The novel is structured on the juxtaposition of opposites. The setting of the story is an island in the Gulf of Mexico. Surrounded by the sea, it is a natural paradise filled with beautiful plants, birds, animals, and pleasant weather. However, danger, death, and suffering are ever present. The sea provides beauty and pleasure but can kill. The enclosed estate of Daniel and Melanie assures safety from predators within its confines, but just outside the estate, hooded figures prowl and hiss. The life of Samuel, who has everything material, contrasts sharply with the life of the impoverished Carlos. However, both suffer from a lack of true affection from either father or mother. For his parents, Samuel is “something” to be exhibited; Carlos’s parents view him as no good.
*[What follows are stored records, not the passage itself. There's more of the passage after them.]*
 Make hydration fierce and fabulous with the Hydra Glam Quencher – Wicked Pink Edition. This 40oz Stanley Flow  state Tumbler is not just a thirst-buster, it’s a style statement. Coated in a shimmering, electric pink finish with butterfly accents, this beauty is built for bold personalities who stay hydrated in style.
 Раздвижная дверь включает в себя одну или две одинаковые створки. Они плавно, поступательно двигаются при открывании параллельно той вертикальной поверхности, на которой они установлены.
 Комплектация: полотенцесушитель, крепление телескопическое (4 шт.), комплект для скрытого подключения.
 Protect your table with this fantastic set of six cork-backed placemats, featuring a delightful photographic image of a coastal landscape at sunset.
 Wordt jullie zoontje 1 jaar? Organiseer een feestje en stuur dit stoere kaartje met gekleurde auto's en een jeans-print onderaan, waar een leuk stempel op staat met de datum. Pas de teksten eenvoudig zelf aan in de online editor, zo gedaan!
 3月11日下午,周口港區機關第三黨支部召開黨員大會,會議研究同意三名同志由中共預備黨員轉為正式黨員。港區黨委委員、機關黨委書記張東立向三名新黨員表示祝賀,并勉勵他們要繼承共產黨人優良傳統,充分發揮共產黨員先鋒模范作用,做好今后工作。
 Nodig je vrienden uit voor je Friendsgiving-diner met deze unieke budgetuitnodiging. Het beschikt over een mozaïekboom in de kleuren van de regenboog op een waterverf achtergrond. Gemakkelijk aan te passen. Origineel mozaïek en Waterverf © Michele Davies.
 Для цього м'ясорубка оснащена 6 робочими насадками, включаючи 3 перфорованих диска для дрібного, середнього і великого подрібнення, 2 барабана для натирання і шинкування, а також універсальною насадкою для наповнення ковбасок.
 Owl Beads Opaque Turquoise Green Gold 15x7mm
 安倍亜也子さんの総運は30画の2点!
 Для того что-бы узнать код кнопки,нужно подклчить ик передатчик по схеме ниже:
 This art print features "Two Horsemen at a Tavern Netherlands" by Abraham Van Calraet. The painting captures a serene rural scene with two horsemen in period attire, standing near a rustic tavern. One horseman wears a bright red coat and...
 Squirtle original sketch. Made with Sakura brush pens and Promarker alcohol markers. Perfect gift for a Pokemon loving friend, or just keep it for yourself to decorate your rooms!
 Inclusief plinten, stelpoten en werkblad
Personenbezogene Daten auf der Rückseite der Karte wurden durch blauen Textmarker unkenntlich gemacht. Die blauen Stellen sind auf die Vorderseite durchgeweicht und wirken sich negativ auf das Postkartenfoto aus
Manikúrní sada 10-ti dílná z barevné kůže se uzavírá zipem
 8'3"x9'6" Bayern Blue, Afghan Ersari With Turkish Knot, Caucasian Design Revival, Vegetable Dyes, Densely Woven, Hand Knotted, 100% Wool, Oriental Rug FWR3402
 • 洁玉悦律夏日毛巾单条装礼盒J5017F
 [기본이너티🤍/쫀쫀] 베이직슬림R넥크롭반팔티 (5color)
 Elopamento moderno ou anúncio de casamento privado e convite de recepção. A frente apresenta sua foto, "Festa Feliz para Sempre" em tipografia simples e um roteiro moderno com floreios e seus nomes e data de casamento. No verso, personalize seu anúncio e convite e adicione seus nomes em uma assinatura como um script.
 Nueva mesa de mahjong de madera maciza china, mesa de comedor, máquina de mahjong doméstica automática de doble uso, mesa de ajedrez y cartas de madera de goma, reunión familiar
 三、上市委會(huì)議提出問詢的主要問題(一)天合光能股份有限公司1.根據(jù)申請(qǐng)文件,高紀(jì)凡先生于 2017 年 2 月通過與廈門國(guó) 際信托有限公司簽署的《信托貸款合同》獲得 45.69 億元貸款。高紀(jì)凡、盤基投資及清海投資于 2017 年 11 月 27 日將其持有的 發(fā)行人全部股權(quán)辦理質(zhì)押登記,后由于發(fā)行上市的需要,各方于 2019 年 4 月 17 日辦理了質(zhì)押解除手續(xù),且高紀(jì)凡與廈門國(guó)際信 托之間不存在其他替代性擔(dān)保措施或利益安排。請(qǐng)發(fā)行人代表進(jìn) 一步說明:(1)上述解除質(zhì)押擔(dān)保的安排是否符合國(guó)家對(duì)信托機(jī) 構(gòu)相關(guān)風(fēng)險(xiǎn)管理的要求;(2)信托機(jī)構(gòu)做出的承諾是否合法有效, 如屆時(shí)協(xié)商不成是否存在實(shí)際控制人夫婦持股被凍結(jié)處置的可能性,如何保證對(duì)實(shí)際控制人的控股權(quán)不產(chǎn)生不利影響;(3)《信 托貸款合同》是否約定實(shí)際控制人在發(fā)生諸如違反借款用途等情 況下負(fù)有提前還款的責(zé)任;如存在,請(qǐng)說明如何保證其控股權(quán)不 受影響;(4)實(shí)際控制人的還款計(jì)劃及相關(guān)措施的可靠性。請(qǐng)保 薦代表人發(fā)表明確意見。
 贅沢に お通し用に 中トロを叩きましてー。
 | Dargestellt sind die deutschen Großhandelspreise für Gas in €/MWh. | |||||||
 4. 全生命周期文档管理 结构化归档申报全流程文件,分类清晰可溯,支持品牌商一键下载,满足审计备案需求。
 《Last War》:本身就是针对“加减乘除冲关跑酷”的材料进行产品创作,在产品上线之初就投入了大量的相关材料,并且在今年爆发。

Illness, old age, death, and impending death play significant roles in the novel. Characters are haunted by images of death: families lost at sea, war atrocities, bombings, mutilations, hangings, and executions in the electric chair and by lethal injection. Both Jacques, who is dying from acquired immunodeficiency syndrome (AIDS), and Fréderic, incapacitated by old age, can no longer care for themselves. Fréderic and Mère have memory loss.
Through the characters of Mère and Renata, Blais examines the particular problems confronting women in a patriarchal society. Both Mère and Renata have experienced rejection by their husbands because they no longer possessed the attractiveness of youth. Renata speaks of herself as a vagabond, running away from fate. For her, injustice will always be a woman’s fate, and a woman will always be seen as guilty for causing her own misery. Mère is obsessed with the need for women to become leaders, to change the world.
The novel ends with Mère listening to Venus and Samuel singing “O may my joy endure.”